Hollie doesn't rightly know what she is thinking about...I used to do that all the time...no it is "I don't rightly know." and "Bloody Hell" maybe I'll pick up the 3rd person again...I mean I know it annoys people...but I happen to like it...so you either like it or lump it.
I just got an idea. But...I'm going to have a thought of the day...and a question of the day...just to get a little sneak peek at what people think about everything I have to say. Okay...well I still got time to kill and it looks like I only got like 3 questions to do on my Geometry...so I figure I will be fine. I wonder how I got smart? I mean there are so many people that don't know a thing...they don't get good grades and do give a flying #@ (I'm trying to cut down on curse words)! So...how did little old Hollie get to be so smart? I mean I'm sorry to admit this..but my dad can't read cuz he has some kind of LD. I feel so bad for him cuz everyone thinks he is stupid..but the fact is when it comes to machines...he is like a top dog. He made his own bike like when he was 8 and learned to drive at like 12...he is really a nice guy and I wish I had a closer relationship with him cuz I barely got a father figure in my life (unless you count Evan...but I still thinks he's a woman [no..that doesn't make my mom a lesbian]) I don't know it is just so hard for him and me and I don't know...but I just wish for one day I could be dumb as a box of rocks...cuz then I would know that I'm special...I know that kind of sounds bad..but it is true...I feel for stupid people..I mean honestly stupid people get to do everthing...they get extensions on projects, only have to go to college for 2 years, and get the easy classes...boy I wish I was stupid...but then you got to think...even with those easy classes and stuff stupid people got to fight for just a C average...how sad is that...in my eyes a C is like failing...my family has brought my brothers and I up on that...we think a C is like falling off the face of the earth...I mean...I don't know...but it is just so hard for me to think about being stupid...I'm kinda glad I'm smart...cuz I get to get bigger and better things out of it. Boy I'm kinda selfish.
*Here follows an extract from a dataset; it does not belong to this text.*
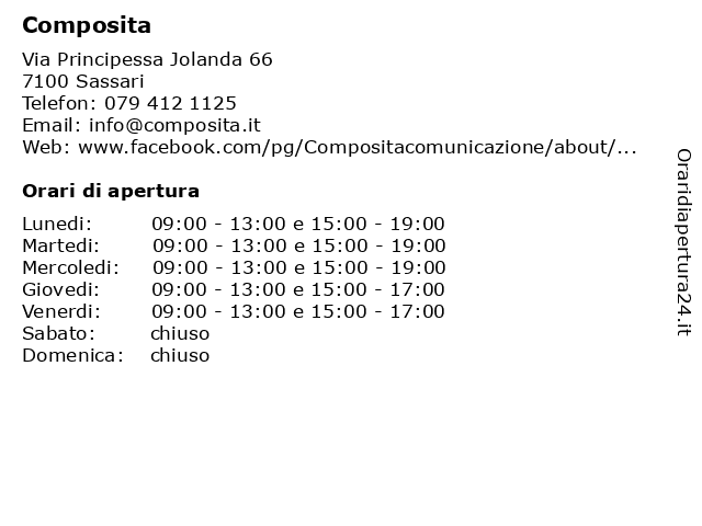 | Lunedi | 09:00-13:00 e 15:00-19:00 |
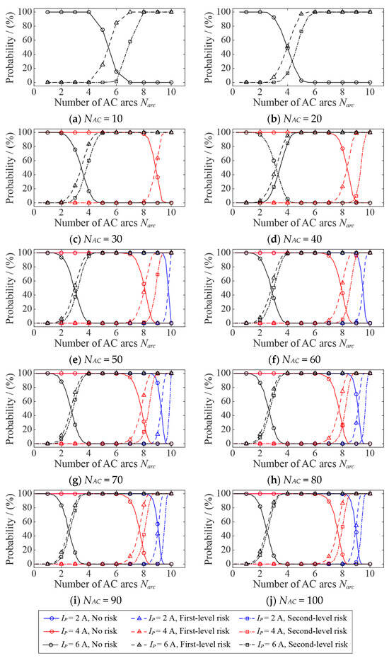 The PVC fire risk level probability of Narc AC arcs randomly generated in NAC AC half-waves. (When IP = 2 A, NAC = 10/20/30/40, and IP = 4 A, NAC = 10/20, there is no fire risk, which is not shown in the figure).

You know what I don't like...sluts...that is right I hate sluts and personally we have one to many in our school. And you want to know the funny thing..she is in my class and is friends with me...now I know Suzie is friends with this slut..and I don't know if Suzie will tell this slut to look at my blog..but it is my blog and if the slut sees it then she knows how I feel and realzie this
"DUDE YOU ARE A SLUT AND YOU NEED TO QUIT BEING A SLUT...CUZ DID YOU KNOW THAT 1 IN 3 PEOPLE WILL GET HIV BY THE TIME THERE ARE 21? AND DUDE YOU ARE GETTING A LITTLE CLOSE WITH TOO MANY PEOPLE AND YOU ARE CHEATING ON YOUR BOYFRIEND...DUDE IF YOU WERE ANYTHING NEAR SOMETHING I WOULD WASTE MY TIME ON...I WOULD BEAT YOU TO A PULP AND THEN KICK YOU AGAIN...CUZ YOU ARE NOTHING BUT A TWO-BIT SCANK!"